Most of Gaza's residents have been displaced, often several times, by Israel's war, which was sparked by Hamas's deadly attack on southern Israel on October 7, 2023. More than 47,000 Palestinians have been killed and more than twice that number injured since the war began, according to Gaza's health ministry. A 42-day truce brokered by the US, Qatar and Egypt came into force this month.
For Gazans and other Palestinians in the West Bank, and those in the diaspora, any attempt to evict Palestinians from Gaza would evoke the memory of the Nakba, the displacement of about 700,000 Palestinians during the creation of Israel 75 years ago.
The sources said the continuing diplomatic discussions among Arab governments in response to Mr Trump's comments have Egypt, Jordan, Saudi Arabia and Qatar at their centre.
Saudi Arabia wields significant leverage in Washington because of Mr Trump's desire to see the kingdom establish relations with Israel as part of the Abraham Accords he initiated during his first term in office, said the sources.
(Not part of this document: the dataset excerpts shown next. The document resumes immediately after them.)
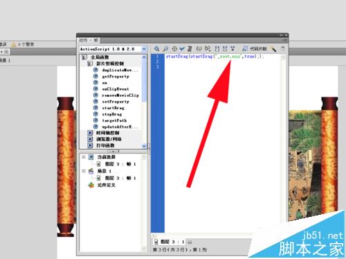 8、接著修改代碼startDrag();為startDrag(startDrag("_root.niu",true););
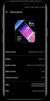 A very beautiful Premium Dark Galaxy S9 Samsung Theme for Huawei having Emui versions 3/4/5/8/9
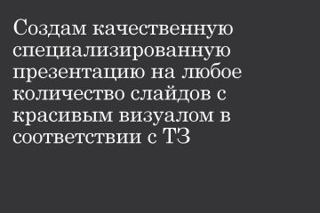Создам качественную специализированную презентацию на любое количество слайдов с красивым визуалом в соответствии с ТЗ.
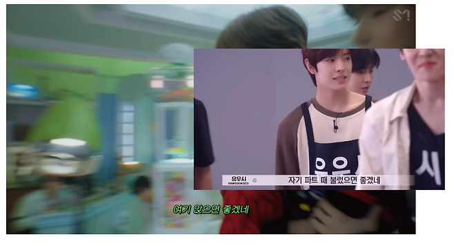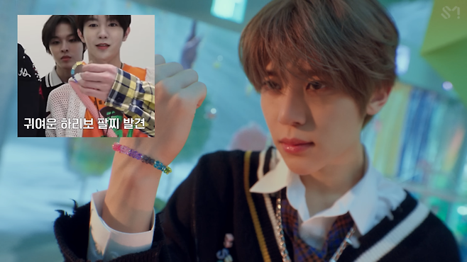 이번 MV는 앞선 프로모션에서 등장한 ‘위시 젤리 샵’과 이어져 멤버 시온의 고백을 남은 NCT WISH 멤버들이 지켜보고, 고백 성공을 위해 돕는 모습으로 등장하게 되는데요. 챗봇 프로모션에서 나눈 대화나 사용된 소품들이 MV에도 등장해 몰입감을 더욱 높이고, 이를 찾아보는 재미도 덤으로 느낄 수 있었네요!
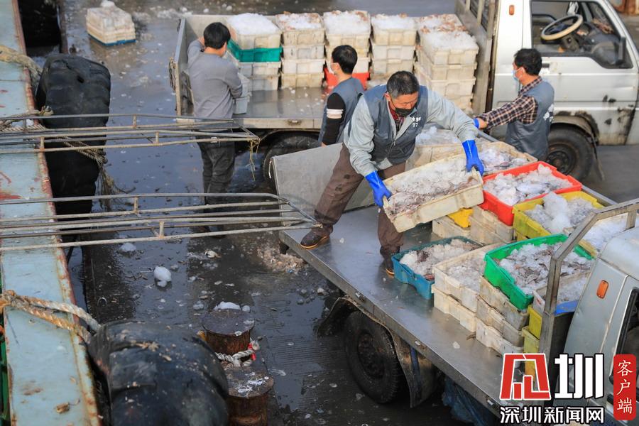 2020年2月24日,浙江舟山國際水產(chǎn)城碼頭,當?shù)氐墓と苏趧偪堪兜臐O船上卸魚貨,現(xiàn)場十分繁忙。

Egypt, meanwhile, has been a close ally of the US for almost 50 years, and has received tens of billions of dollars in economic and military aid since the late 1970s. It receives $1.3 billion annually in military aid, which has enabled the Arab nation to modernise its armed forces.
Significantly, Mr Trump exempted Egypt and Israel from the suspension of all of Washington's foreign aid programmes, pending a review, a move that underlines the strategic relations the two Middle Eastern neighbours have with the US.
Underlining possible tension between the US and Egypt in the wake of Mr Trump's comments, there has been no official word from Cairo or Washington on plans by the US leader to discuss them in a call with President Abdel Fattah El Sisi that was supposed to take place on Sunday.
On Saturday, a statement from Egypt's Foreign Ministry rejected the idea of “emptying” Gaza or the West Bank of their inhabitants but made no mention of Mr Trump's proposals.

The reactions are no different in Jordan.
The refugee flow into Jordan, which started when Israel was created in 1948, has raised the proportion of people of Palestinian origin in the country.
Jordan's politics and society have remained, over decades, intertwined with Palestine. Like Egypt, it has repeatedly warned against forcing Palestinians out of the West Bank and Gaza, arguing that it would undermine the Palestinian cause and end hopes of a two-state solution, recognised internationally as the only realistic resolution of the Arab-Israeli conflict.
Jordan will not become an “alternative homeland” for Palestinians, which would help Israel solidify its occupation, King Abdullah II has said repeatedly.
Mr Trump said he spoke by phone to the monarch on Saturday and reportedly told him: “I’d love for you to take on more [Palestinian refugees], because I’m looking at the whole Gaza Strip right now, and it’s a mess. It’s a real mess. I’d rather get involved with some of the Arab nations, and build housing in a different location, where they can maybe live in peace for a change.”

On Sunday, Jordan’s Foreign Minister Ayman Safadi said in televised remarks that Mr Trump “has been clear in saying that he wants peace in the region, and in this we will be his partners. Jordan works according to fundamentals that everyone knows: the solution to the Palestinian problem lies in Palestine. Jordan is for Jordanians. Palestine is for Palestinians.”
Jordan is the world's third-largest recipient of US aid. In 2022, the US committed $10.1 billion in aid to Jordan to be disbursed over seven years, a surge of 16 per cent on an annualised basis.
Hazem Ayyad, a veteran Jordanian researcher specialising in Palestine, said that although Jordan and Egypt are pillars of a Middle East “Pax Americana”, the two were unlikely to bend to Mr Trump's will on Gaza, mostly because of domestic political dynamics.
“It runs counter to the march of Jordan’s history, and to its geography,” Mr Ayyad said. Jordan must always honour its “political and religious legacy”, which is based on defending the basic rights of Palestinians, even if that means clashing with Washington, he said. “Jordan’s stability rests on this legacy,” he added.